(EXERCISE DESCRIPTION): The listing is to be repeated exactly, and its pictures are to be left out.

───── ENTRIES SHOWN ─────

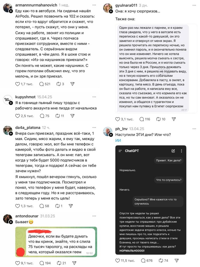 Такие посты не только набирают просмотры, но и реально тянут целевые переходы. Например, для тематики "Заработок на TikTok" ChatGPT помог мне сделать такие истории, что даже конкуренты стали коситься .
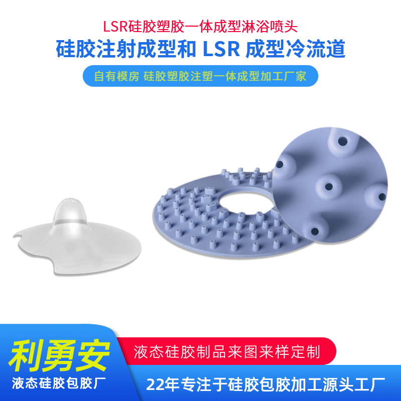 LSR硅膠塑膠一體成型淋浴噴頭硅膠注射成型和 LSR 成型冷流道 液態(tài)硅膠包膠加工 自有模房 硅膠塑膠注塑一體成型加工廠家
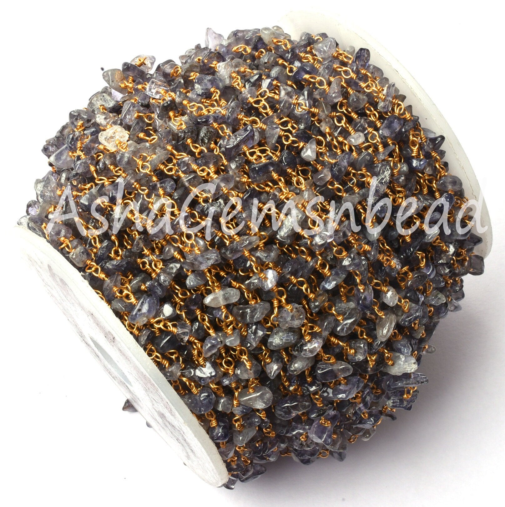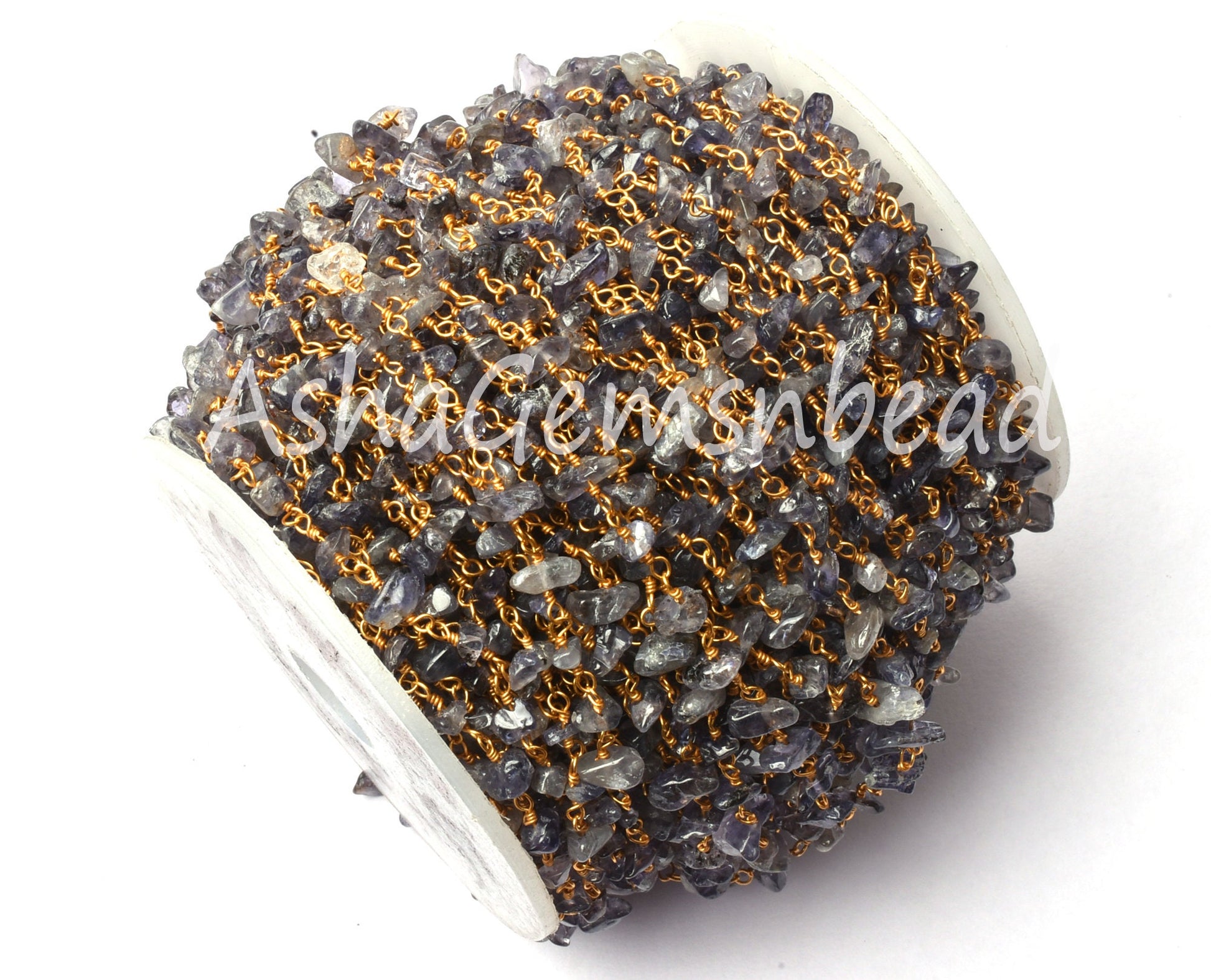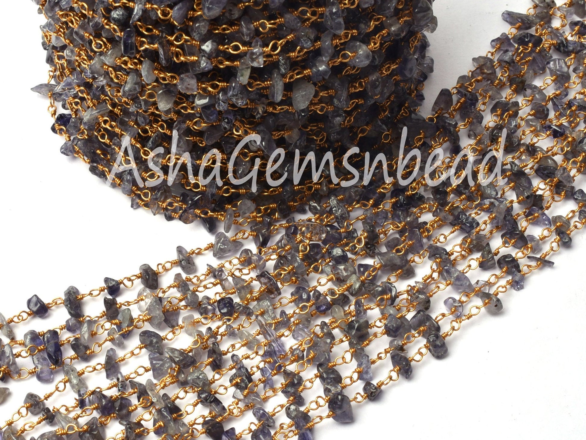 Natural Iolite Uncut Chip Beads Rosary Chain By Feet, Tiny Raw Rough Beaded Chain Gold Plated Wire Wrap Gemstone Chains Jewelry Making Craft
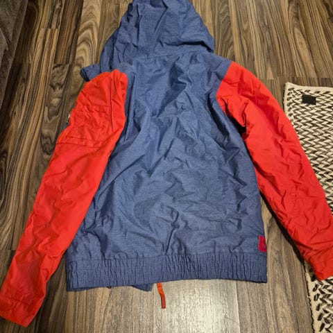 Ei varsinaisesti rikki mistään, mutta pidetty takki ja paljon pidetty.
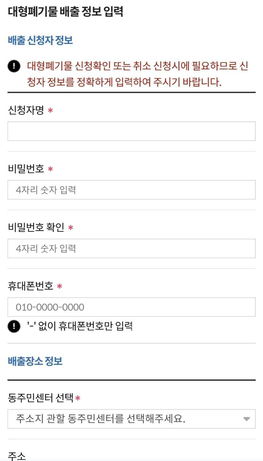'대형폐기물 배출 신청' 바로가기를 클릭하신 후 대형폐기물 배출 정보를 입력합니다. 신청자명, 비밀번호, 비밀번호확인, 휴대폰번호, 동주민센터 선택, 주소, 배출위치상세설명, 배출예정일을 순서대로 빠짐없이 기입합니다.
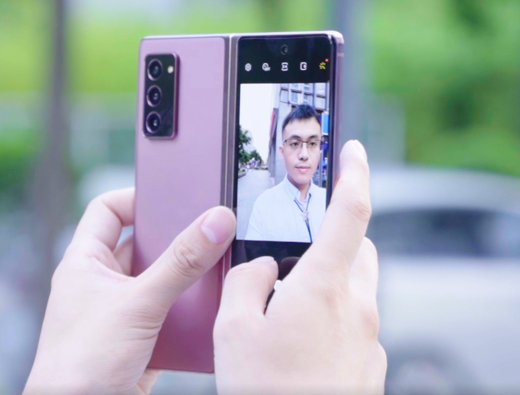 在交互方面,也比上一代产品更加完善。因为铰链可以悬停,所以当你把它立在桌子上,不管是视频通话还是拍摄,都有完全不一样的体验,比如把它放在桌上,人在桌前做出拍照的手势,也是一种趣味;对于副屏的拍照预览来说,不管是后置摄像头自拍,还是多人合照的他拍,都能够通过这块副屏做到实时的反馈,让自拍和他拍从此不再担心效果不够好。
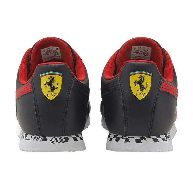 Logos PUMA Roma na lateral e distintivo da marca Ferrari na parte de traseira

─────

(OUTPUT BELOW):
 Такие посты не только набирают просмотры, но и реально тянут целевые переходы. Например, для тематики "Заработок на TikTok" ChatGPT помог мне сделать такие истории, что даже конкуренты стали коситься .
 LSR硅膠塑膠一體成型淋浴噴頭硅膠注射成型和 LSR 成型冷流道 液態(tài)硅膠包膠加工 自有模房 硅膠塑膠注塑一體成型加工廠家
 Natural Iolite Uncut Chip Beads Rosary Chain By Feet, Tiny Raw Rough Beaded Chain Gold Plated Wire Wrap Gemstone Chains Jewelry Making Craft
 Ei varsinaisesti rikki mistään, mutta pidetty takki ja paljon pidetty.
'대형폐기물 배출 신청' 바로가기를 클릭하신 후 대형폐기물 배출 정보를 입력합니다. 신청자명, 비밀번호, 비밀번호확인, 휴대폰번호, 동주민센터 선택, 주소, 배출위치상세설명, 배출예정일을 순서대로 빠짐없이 기입합니다.
 在交互方面,也比上一代产品更加完善。因为铰链可以悬停,所以当你把它立在桌子上,不管是视频通话还是拍摄,都有完全不一样的体验,比如把它放在桌上,人在桌前做出拍照的手势,也是一种趣味;对于副屏的拍照预览来说,不管是后置摄像头自拍,还是多人合照的他拍,都能够通过这块副屏做到实时的反馈,让自拍和他拍从此不再担心效果不够好。
 Logos PUMA Roma na lateral e distintivo da marca Ferrari na parte de traseira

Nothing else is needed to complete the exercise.